Activity:
Please copy exactly the lines from the one containing "Свернуть в рулет, завернуть" to the end of the entries, both included, and nothing else. Omit every picture.

━━ Records for the task

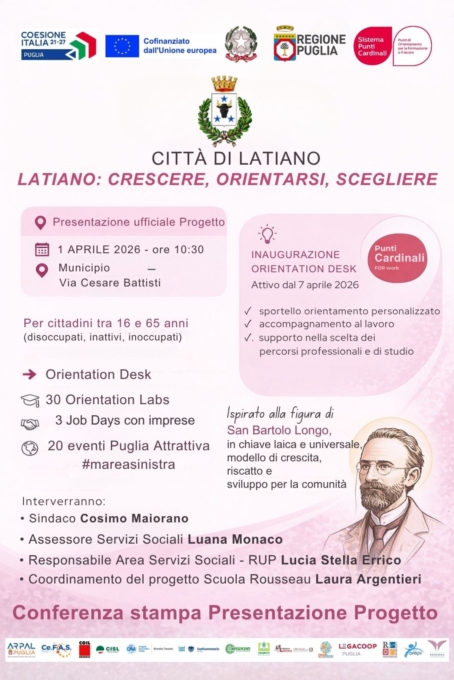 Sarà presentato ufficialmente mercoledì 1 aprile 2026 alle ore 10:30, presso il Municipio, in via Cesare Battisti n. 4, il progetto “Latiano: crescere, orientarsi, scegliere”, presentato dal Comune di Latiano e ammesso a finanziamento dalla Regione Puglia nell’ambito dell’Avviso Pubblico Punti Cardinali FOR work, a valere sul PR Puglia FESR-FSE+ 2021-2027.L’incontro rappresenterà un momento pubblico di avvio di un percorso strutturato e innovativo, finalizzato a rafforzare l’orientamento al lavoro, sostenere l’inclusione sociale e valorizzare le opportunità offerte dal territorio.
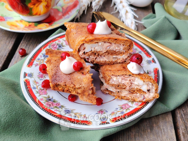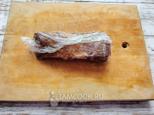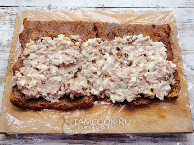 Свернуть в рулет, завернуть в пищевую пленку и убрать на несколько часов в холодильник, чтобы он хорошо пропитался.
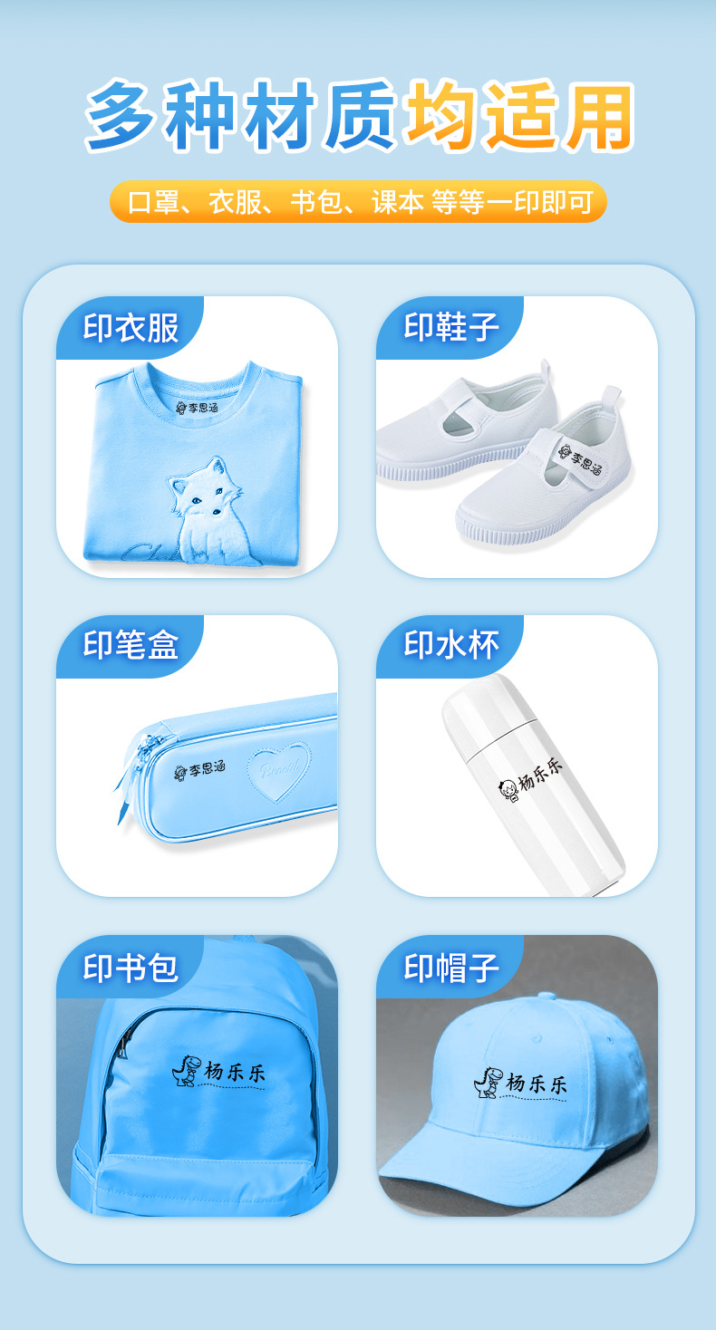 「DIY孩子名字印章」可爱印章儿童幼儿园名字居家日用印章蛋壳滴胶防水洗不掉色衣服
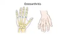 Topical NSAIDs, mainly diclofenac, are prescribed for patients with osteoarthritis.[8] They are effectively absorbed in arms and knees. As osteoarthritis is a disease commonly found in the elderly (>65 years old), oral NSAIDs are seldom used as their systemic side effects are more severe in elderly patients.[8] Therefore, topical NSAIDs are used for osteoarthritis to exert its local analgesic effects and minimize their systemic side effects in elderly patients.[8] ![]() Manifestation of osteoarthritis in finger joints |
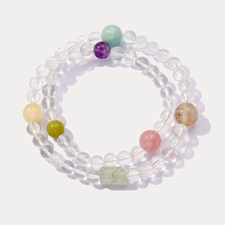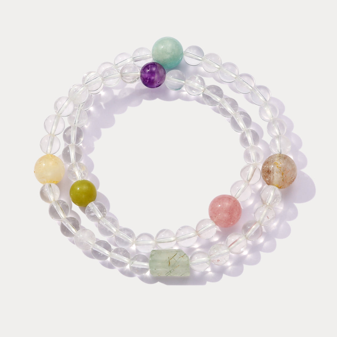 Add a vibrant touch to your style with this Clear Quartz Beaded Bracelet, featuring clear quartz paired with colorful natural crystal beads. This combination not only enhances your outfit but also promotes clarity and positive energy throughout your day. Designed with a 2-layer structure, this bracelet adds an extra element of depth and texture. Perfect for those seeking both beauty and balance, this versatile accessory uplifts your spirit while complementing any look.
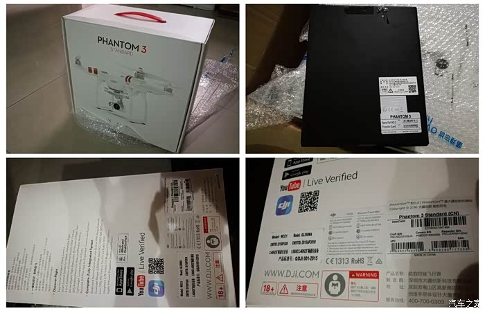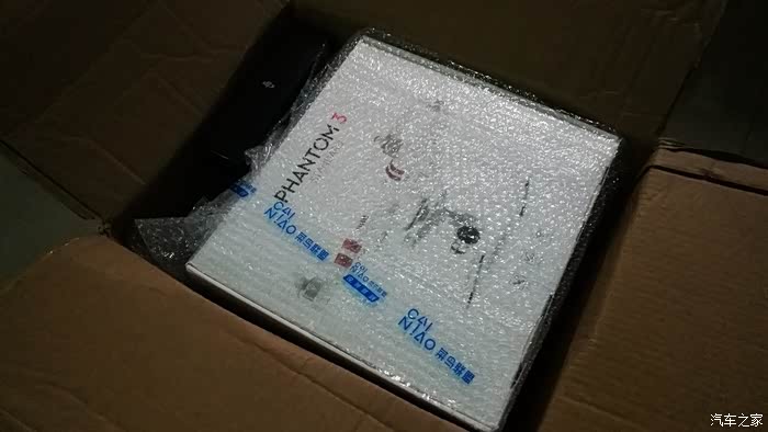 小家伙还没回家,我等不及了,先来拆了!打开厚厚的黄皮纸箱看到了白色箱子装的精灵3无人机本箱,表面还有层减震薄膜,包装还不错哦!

━━━━

Your solution:
 Свернуть в рулет, завернуть в пищевую пленку и убрать на несколько часов в холодильник, чтобы он хорошо пропитался.
 「DIY孩子名字印章」可爱印章儿童幼儿园名字居家日用印章蛋壳滴胶防水洗不掉色衣服
 Topical NSAIDs, mainly diclofenac, are prescribed for patients with osteoarthritis.[8] They are effectively absorbed in arms and knees. As osteoarthritis is a disease commonly found in the elderly (>65 years old), oral NSAIDs are seldom used as their systemic side effects are more severe in elderly patients.[8] Therefore, topical NSAIDs are used for osteoarthritis to exert its local analgesic effects and minimize their systemic side effects in elderly patients.[8] ![]() Manifestation of osteoarthritis in finger joints |
 Add a vibrant touch to your style with this Clear Quartz Beaded Bracelet, featuring clear quartz paired with colorful natural crystal beads. This combination not only enhances your outfit but also promotes clarity and positive energy throughout your day. Designed with a 2-layer structure, this bracelet adds an extra element of depth and texture. Perfect for those seeking both beauty and balance, this versatile accessory uplifts your spirit while complementing any look.
 小家伙还没回家,我等不及了,先来拆了!打开厚厚的黄皮纸箱看到了白色箱子装的精灵3无人机本箱,表面还有层减震薄膜,包装还不错哦!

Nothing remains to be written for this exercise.